Elastocaloric materials are solids with a pronounced coupling between temperature and mechanical deformation, due to the latent heat of a solid-to-solid phase transformation (akin to the latent heat of the phase change between ice and water). When an elastocaloric is repeatedly pushed and pulled, it can be used as a solid-state refrigerator, with the potential for significant energy savings. Since these materials are mechanically cycled, it is important to know how they respond to cracks. However, the solid-to-solid phase change in the materials complicates their cracking response, and the crack growth response of these materials has only been characterized for a select few temperature points, instead of the wide range of temperatures that they experience. Using a unique thermomechanical capability that is being developed at TU, this work will seek insights about the behavior of cracks in elastocaloric materials while they undergo repeated mechanical loads across a wide range of temperatures. 

Concentrated solar power (CSP) plants has seen an increase in research and investments due to its ability to store energy in the form of molten salt. This gives CSP systems on-demand energy generation capabilities, overcoming a significant drawback of conventional photovoltaic solar panels.  In a central tower configuration, gas receivers are used to heat super-critical carbon dioxide that is later used to produce electricity using a Brayton cycle. Currently, a higher operating temperature on the receiver is being pursued in order to reach higher efficiencies, hence fueling research of advanced materials.

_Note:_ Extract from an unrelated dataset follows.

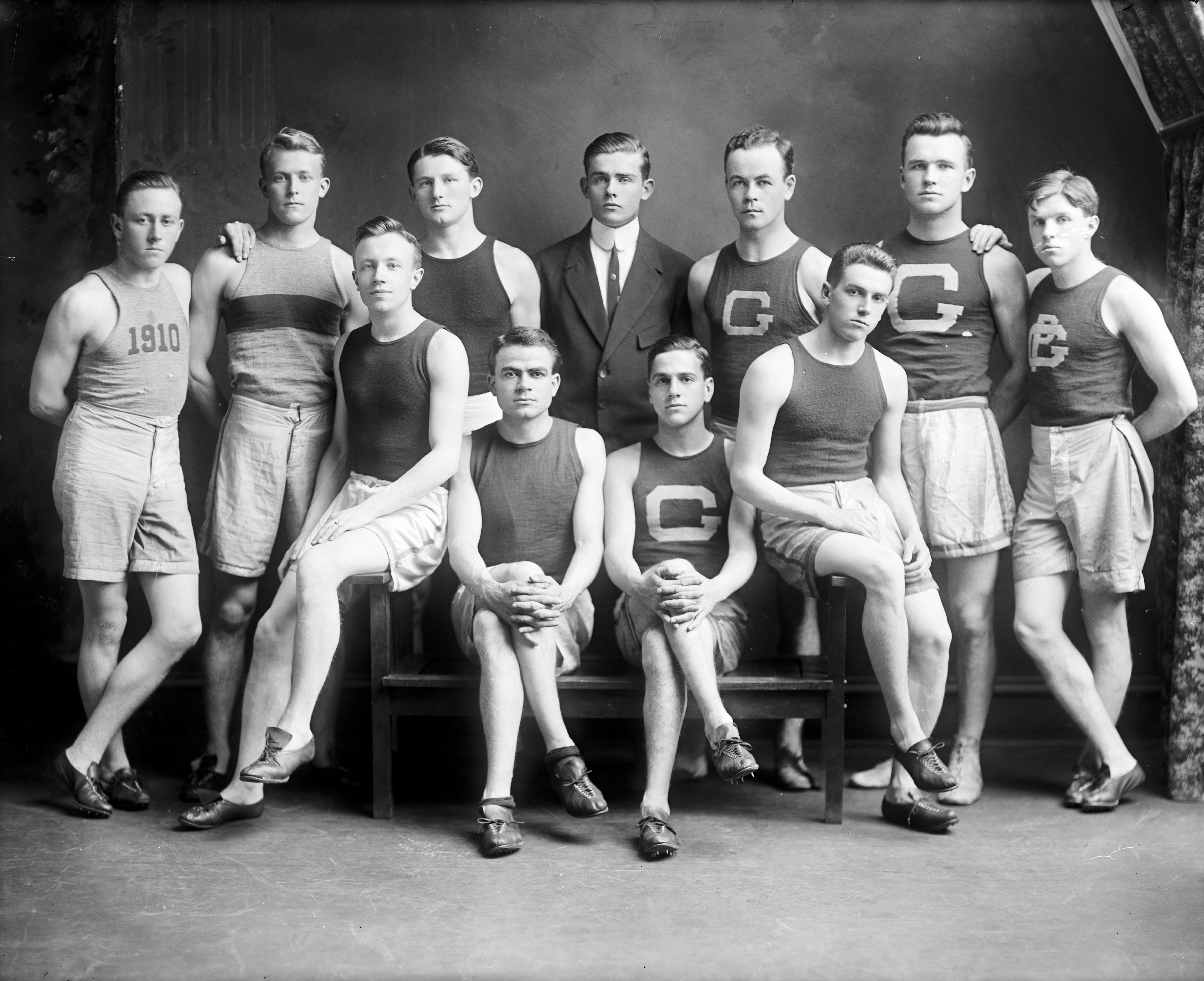 Georgetown varsity track team, ca. 1910. One of the members has "1910" on his shirt, probably designating either the year or the class of (eg, will graduate in 1910)
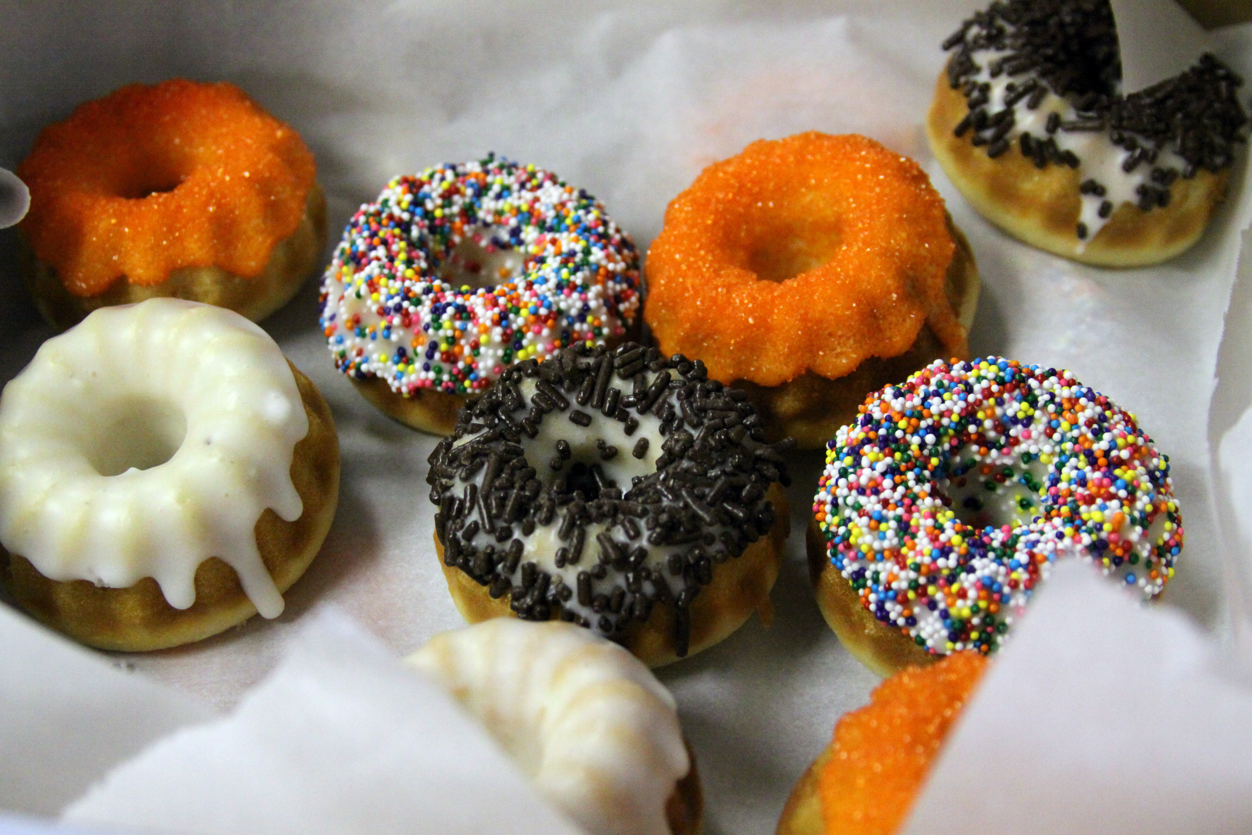 I work with women who can do amazing things in the kitchen. This time it's Rebecca.

In this project, a novel micro-vascular Carbon/Carbon composite is proposed that can withstand the temperature and pressure conditions (800 ˚C and 200 bar) of the next generation of CSP plants. The composite is fabricated from a first produced prepreg made with carbon fibers and a phenolic resin, that is later converted into a Carbon/Carbon composite through various heat treatments. It is also proposed to have an embedded micro-vascular channel network to flow super-critical carbon dioxide as the heat transfer fluid.  During the prepreg preparation, this microvascular channel network is embedded using a VaSC (vaporization of sacrificial component) technology. This channel network is kept in place during the subsequent heat treatments that ultimately convert the phenolic/carbon fiber material into the finalized Carbon/Carbon composite. A prepreg with a low void content and which maintains the channel geometry is desired. This research will focus on changing experimental parameters during the fabrication of the prepreg and its effects on the thermal and mechanical properties of the composite, such as heat capacity measured with DSC (differential scanning calorimetry) and tensile strength tests.

Somewhere between one and eighteen barrels of brine (or produced water) are produced from petroleum wells for every barrel of crude oil produced in the state of Oklahoma. These brines can contain 5 times the amount of salt present in seawater, and, if they escape from storage facilities, it can cause a collapse of the soil structure reducing soil drainage, increasing erosion, and resulting in the death of native plant life in the brine-affected area. To reclaim the soil, the excess sodium and chloride must be removed, and replacing the sodium with calcium would further rejuvenate the soil. Electrokinetic (EK) remediation, is an excellent potential method to remove a large portion of the sodium and chloride from the salt-contaminated area, while also providing a method to add calcium to the soil without excavation or tilling. This project entails the testing of EK remediation at a historic brine spill location within the Tallgrass Prairie Preserve northwest of Pawhuska, OK. The undergraduate student will be involved with lab-scale testing, remote data monitoring, in-person site maintenance, and data analysis over the course of the project. This project is dependent on another proposal for this research not being funded.